● Problem requirements:
For the data below, retype word for word the lines from the one containing "Stosowanie kompletnych rozwiązań" through the one containing "2、执行8D报告的关键步骤:D0:问题初"; drop the pictures.

● Provided data:
################
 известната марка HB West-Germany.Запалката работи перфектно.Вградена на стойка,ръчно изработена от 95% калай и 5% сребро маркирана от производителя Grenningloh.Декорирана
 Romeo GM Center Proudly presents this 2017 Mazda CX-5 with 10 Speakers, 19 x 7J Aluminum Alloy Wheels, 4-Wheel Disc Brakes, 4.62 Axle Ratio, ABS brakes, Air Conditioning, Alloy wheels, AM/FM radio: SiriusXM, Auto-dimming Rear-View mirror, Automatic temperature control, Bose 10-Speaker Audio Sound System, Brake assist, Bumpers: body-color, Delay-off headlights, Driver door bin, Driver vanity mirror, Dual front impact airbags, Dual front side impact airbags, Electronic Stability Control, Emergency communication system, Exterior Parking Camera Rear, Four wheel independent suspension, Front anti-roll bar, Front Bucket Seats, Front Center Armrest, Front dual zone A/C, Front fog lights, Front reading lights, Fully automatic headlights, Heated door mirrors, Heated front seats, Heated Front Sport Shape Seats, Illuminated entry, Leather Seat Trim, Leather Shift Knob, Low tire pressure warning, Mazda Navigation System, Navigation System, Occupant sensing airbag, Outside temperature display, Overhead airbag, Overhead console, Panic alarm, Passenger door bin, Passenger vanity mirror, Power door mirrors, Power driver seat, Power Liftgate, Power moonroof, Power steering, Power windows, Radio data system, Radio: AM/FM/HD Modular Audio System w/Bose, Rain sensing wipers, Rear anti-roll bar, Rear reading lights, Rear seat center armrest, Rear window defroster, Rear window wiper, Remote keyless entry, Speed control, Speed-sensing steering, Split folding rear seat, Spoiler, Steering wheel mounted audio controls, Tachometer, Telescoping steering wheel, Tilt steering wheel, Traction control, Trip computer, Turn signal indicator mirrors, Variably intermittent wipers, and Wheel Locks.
################
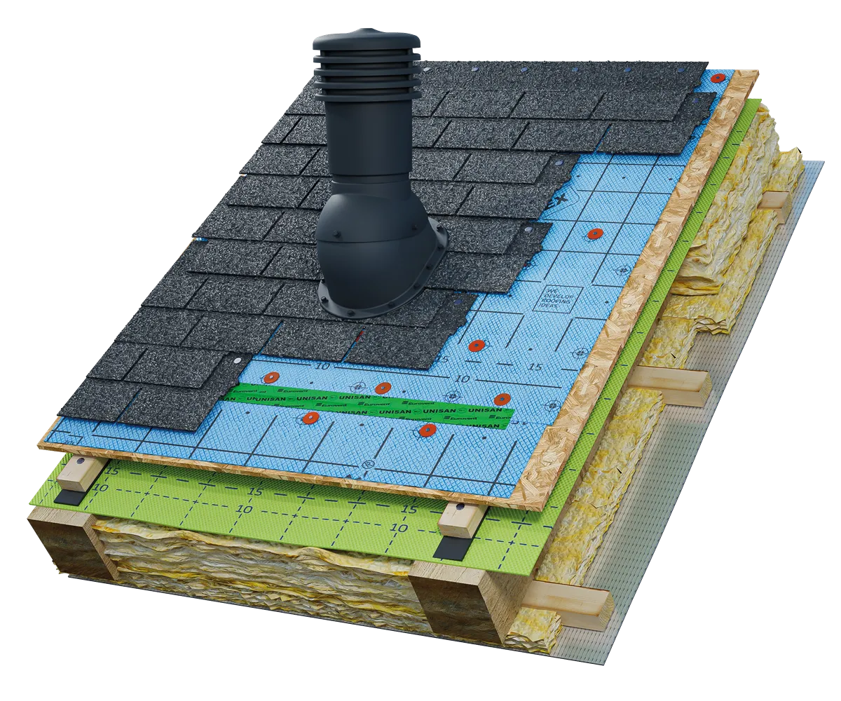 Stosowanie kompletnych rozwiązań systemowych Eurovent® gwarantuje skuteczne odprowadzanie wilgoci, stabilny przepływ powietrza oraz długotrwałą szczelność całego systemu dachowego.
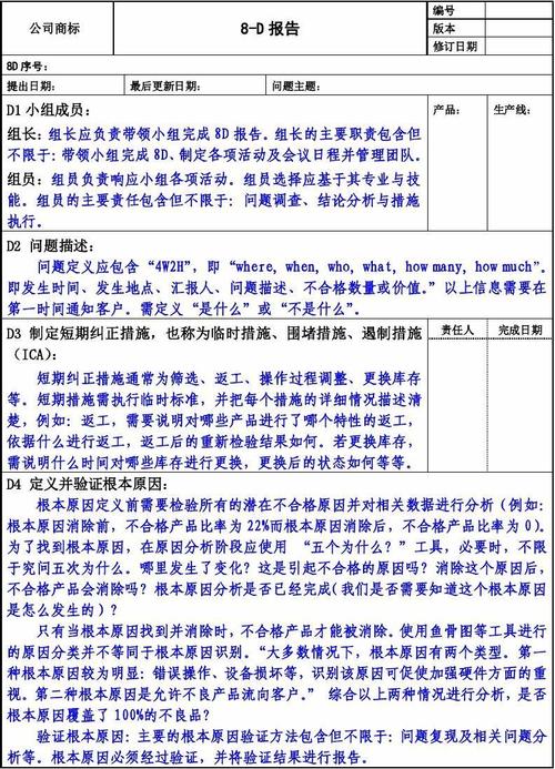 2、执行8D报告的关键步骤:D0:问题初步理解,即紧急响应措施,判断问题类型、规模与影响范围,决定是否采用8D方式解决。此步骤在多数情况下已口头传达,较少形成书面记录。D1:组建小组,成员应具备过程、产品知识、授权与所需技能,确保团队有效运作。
################
● Solution to this exercise:
 Stosowanie kompletnych rozwiązań systemowych Eurovent® gwarantuje skuteczne odprowadzanie wilgoci, stabilny przepływ powietrza oraz długotrwałą szczelność całego systemu dachowego.
 2、执行8D报告的关键步骤:D0:问题初步理解,即紧急响应措施,判断问题类型、规模与影响范围,决定是否采用8D方式解决。此步骤在多数情况下已口头传达,较少形成书面记录。D1:组建小组,成员应具备过程、产品知识、授权与所需技能,确保团队有效运作。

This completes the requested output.